A theoretical analysis reveals that the concept of “succession” is generally applied both to community and ecosystem phenomena, which must be kept strictly apart. “Succession” is also applied to phenomena which we call “dynamics”, “change” and “development”. Additionally, any satisfactory theory on the temporal behavior of ecological systems must account for both succession and its logical counterpart, constancy. Furthermore, it is shown that the community level is difficult to distinguish from both the population and the ecosystem level. Important community characteristics which enable us to delimit the community from other observation levels can be drawn from the analysis of semiautonomous behavior of hierarchically ordered levels. A list of aspects relating to semi-autonomy distinguishing the community both from the ecosystem and the population is presented. The confusion relating to key concepts of spatial and temporal relations in ecological systems is outlined. Different terminologies are necessary to speak about observational and theoretical entities. “Pattern” and “process” are adequate terms of an observational terminology, while “structure” and “function” are terms of theoretical reasoning. Also, discreteness or continuity of phenomena must be described in different terms. The term “process” accounts for continuous phenomena, while the term “event” is necessary to describe discrete ones.

An analysis of special problems of succession theory shows that descriptive succession theory must take into account three classes of change: changes in species composition, changes in important functional characters, and changes in type. An exhaustive causal repertoire of successional mechanisms is listed. The same mechanisms lead to either change or constancy, or to past, present, and future states of a system. Special emphasis is put on the deduction of zero-force laws. An inquiry of the reduction of community phenomena to population phenomena shows that invasion, maintenance, and extinction require different models of causality. While a causal theory for invasion is elaborated, maintenance and extinction are not yet well understood.

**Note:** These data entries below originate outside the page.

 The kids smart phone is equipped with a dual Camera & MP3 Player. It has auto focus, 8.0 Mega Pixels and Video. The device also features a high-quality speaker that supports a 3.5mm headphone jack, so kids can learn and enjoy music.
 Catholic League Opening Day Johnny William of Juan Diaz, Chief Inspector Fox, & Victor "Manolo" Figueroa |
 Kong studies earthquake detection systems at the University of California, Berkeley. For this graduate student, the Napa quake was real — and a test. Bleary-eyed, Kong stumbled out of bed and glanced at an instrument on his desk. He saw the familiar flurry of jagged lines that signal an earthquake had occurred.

Predictive succession theory is also not well developed. In an overview 15 successional theories are listed which claim to explain temporal community phenomena. These approaches use a wide range of mechanisms. Two theories (resource ratio hypothesis, inhibition model) explain different kinds of temporal behavior and are therefore regarded as the most advanced ones. Two examples of succession are presented in order to test the explanatory power of successional theories. In both cases a narrative explanation of succession on the level of species composition is possible a posteriori. The two cases include a great deal of surprise, and both cases do not comprise any indication of maturation, retrogression, or orderly serial development.

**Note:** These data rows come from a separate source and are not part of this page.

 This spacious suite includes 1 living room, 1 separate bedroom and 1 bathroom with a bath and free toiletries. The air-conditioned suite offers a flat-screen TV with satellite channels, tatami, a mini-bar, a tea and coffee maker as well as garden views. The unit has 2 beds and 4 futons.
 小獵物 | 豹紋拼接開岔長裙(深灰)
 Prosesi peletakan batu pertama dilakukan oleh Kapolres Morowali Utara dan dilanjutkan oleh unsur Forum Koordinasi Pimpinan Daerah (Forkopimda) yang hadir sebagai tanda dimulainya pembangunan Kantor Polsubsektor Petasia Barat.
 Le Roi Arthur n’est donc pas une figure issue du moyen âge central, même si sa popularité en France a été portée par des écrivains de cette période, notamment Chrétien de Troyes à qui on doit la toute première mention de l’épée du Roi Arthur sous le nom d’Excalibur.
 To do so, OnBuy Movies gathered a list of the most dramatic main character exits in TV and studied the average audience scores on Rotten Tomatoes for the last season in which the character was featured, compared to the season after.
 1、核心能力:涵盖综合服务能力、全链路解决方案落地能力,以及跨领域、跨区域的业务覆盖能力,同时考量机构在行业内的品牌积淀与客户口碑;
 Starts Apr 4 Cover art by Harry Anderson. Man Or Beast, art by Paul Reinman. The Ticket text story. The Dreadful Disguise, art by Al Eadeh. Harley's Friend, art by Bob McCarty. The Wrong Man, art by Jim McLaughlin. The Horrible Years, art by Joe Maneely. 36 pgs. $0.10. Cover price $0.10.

An analysis of the relation of successional trends to ecologically based “goal functions” in conservation and planning shows that goals of a democratic society are diverse and pluralistic. This is also the case with respect to goals of nature conservation. By analyzing an empirical sequence of primary succession in the former coal mining area of East Germany we investigate the question whether environmental goals can directly be deduced from successional trends of ecological communities. All the distinguished and described stages have a certain value in the context of conservation. Each stage is characterized by special features of contradicting value concerning erosion potential, nutrient losses, water balance, diversity of different plant and animal groups. Thus no goal functions derived from successional trends can be adopted as goals for nature conservation.